(Beginning of Source data)

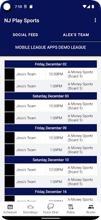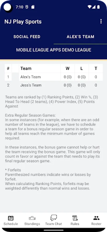 The NJ Play Sports app allows players to get notifications (rainouts, results, league news, and more), chat with their teammates, and view team schedules & standings on their mobile device.
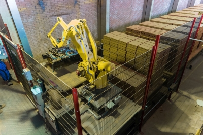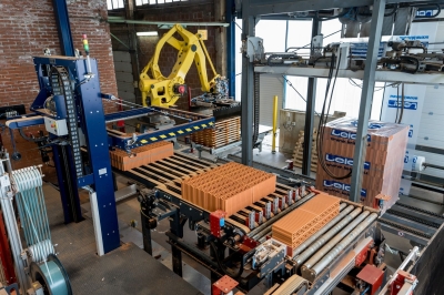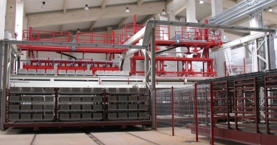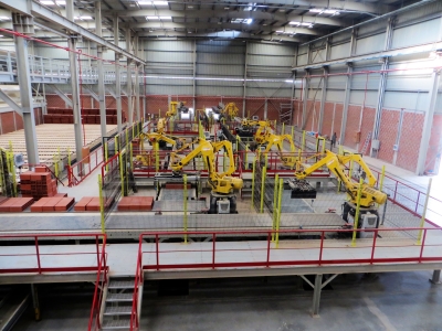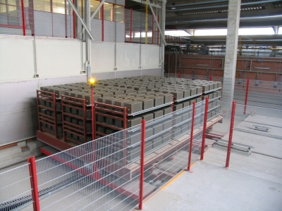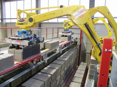 Empezando por la descarga de palets, el nuevo sistema de carga permite la carga de bloques cerámicos y bovedillas en carros de horno listos para la cocción: en función de la longitud de corte, se forman paquetes de 4 ó 5 hileras.
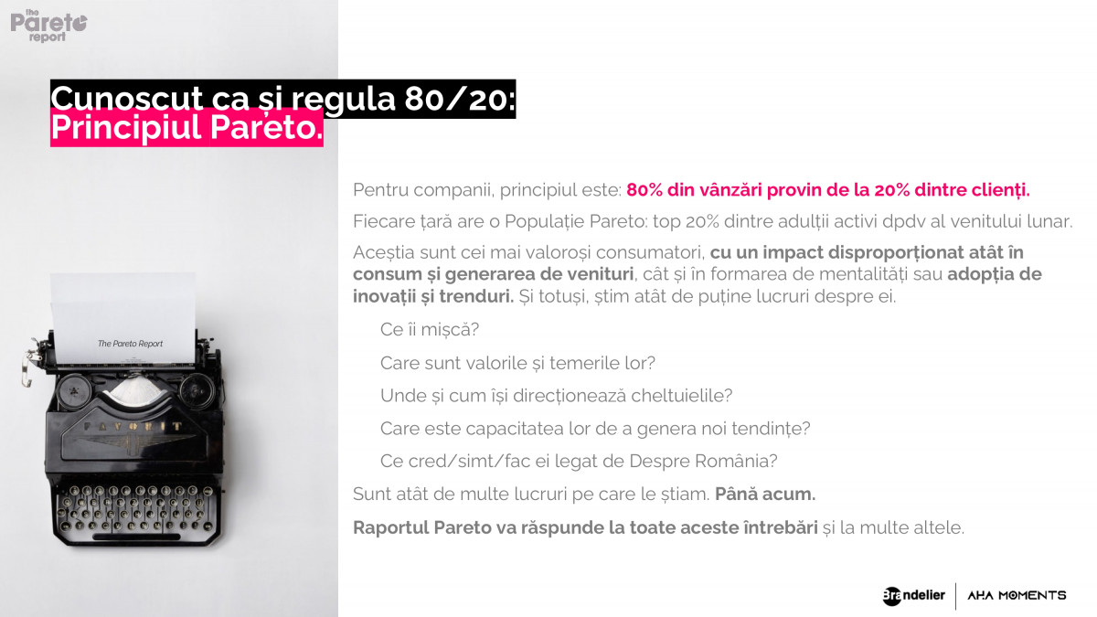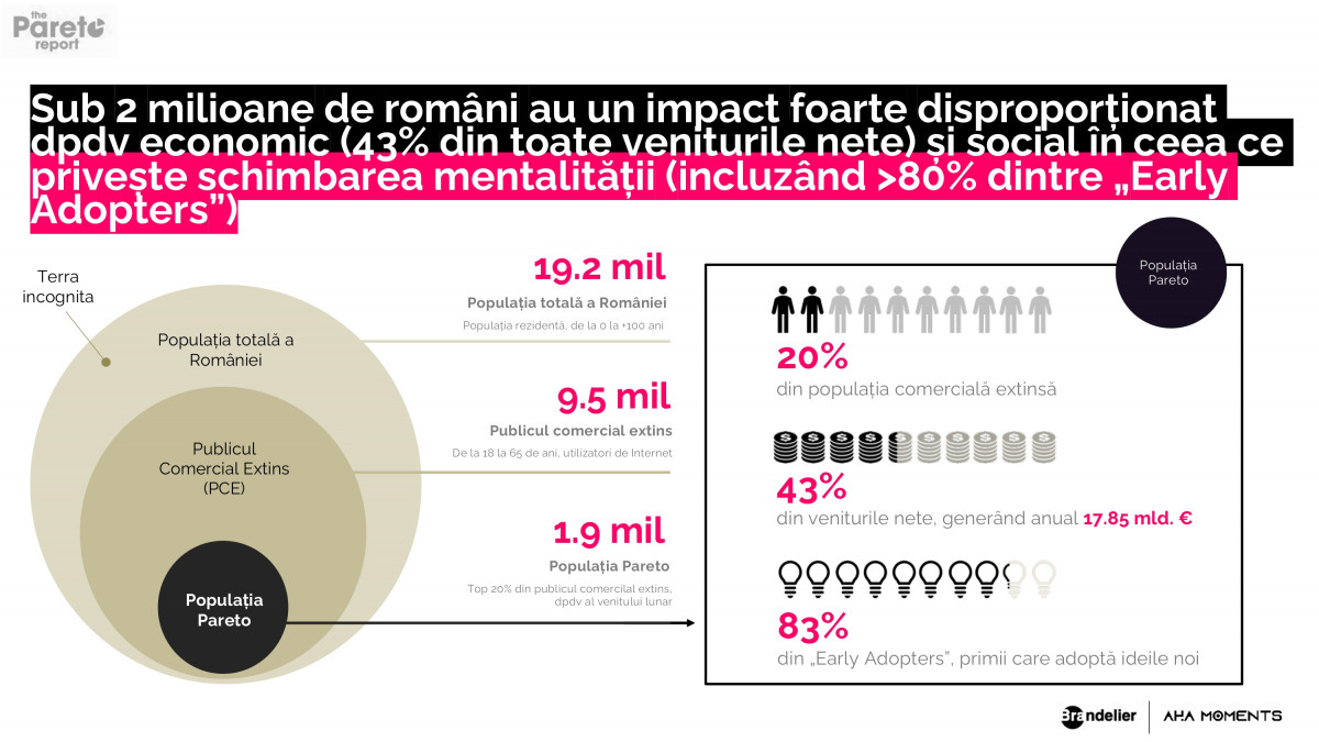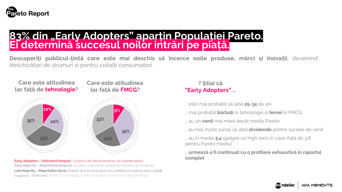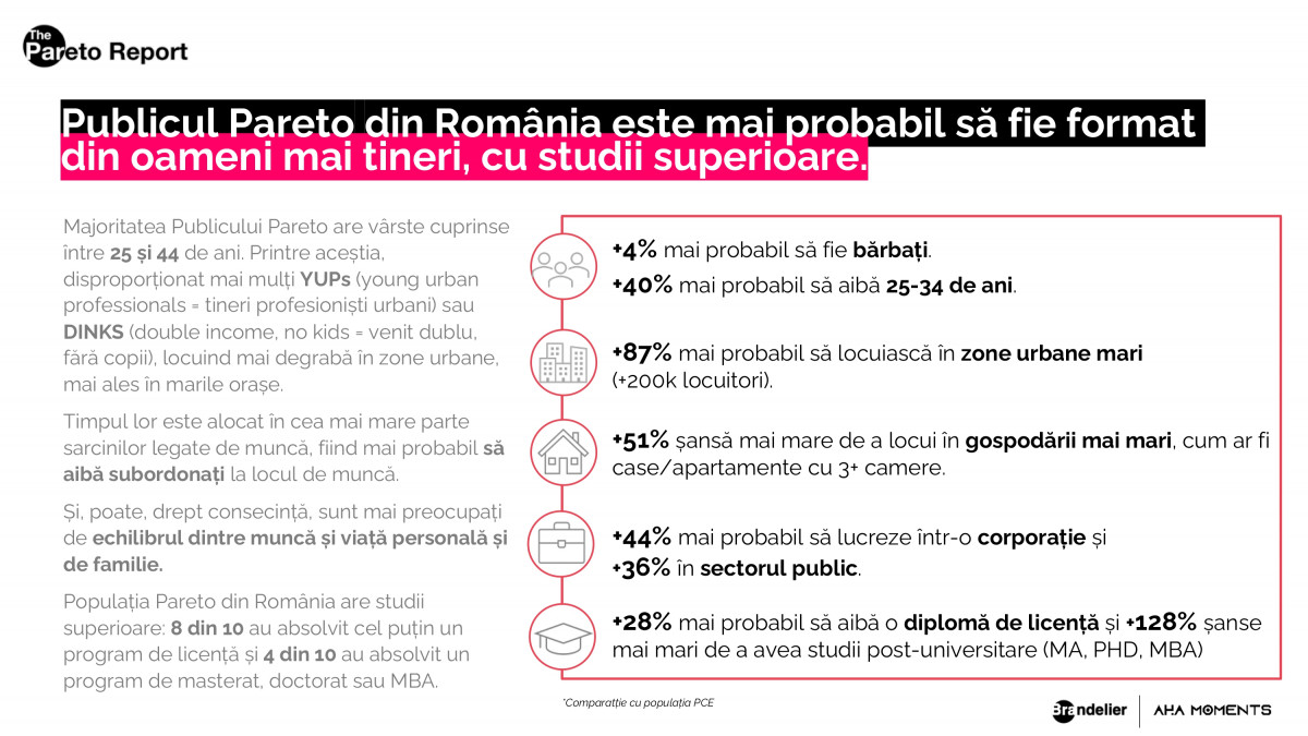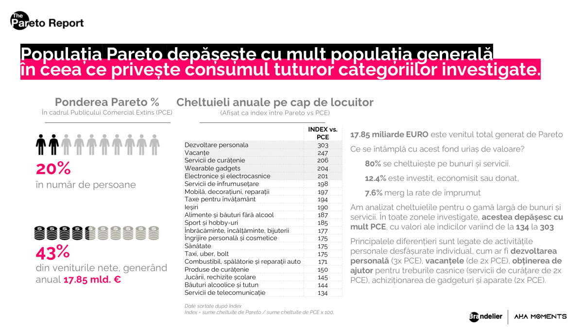 “Publicul Pareto are o pondere numerică de 20%, dar una valorică de 43%, având un impact financiar major pe multe categorii de bunuri și servicii. Spre exemplu, Populația Pareto cheltuie în tursim de 2,5 ori mai mult (suma per capita), pe bunuri de larg consum de 1.8 ori mai mult și pe gadget-uri de 2 ori mai mult. Impactul economic disproporționat nu este singular, fiind dublat de un impact semnificativ în mentalitate și a adopție a inovațiilor. Astfel, Publicul Pareto se distinge prin dorința de auto-progres, de a fi cel mai bun și de a avea influență, devenind un motor de generare de idei, atitudini si comportamente noi. Drept dovadă, în analiza Vizionarilor (Early Adopters), am identifcat că 83% dintre cei care încearcă noile tendințe de piață vin din Publicul Pareto și doar 17% din Publicul Comercial Extins, confirmând că impactul Pareto nu e deloc de ignorat.", declară Manuela Mancaș, fondator AHA Moments și co-fondator The Pareto Report. AHA Moments este o agenție locală de cercetare de marketing, lansată in 2021, recunoscută deja în piață pentru studiile strategice cu grad ridicat de complexitate, datorită expertizei echipei sale de cercetători și statisticieni (+15 ani experiență).

(End of Source data)

▸ What you should do
Write out exactly the lines that run from the top of the listing above to the line containing "Empezando por la", both ends included. Omit every picture.

▸ Answer to the problem
 The NJ Play Sports app allows players to get notifications (rainouts, results, league news, and more), chat with their teammates, and view team schedules & standings on their mobile device.
 Empezando por la descarga de palets, el nuevo sistema de carga permite la carga de bloques cerámicos y bovedillas en carros de horno listos para la cocción: en función de la longitud de corte, se forman paquetes de 4 ó 5 hileras.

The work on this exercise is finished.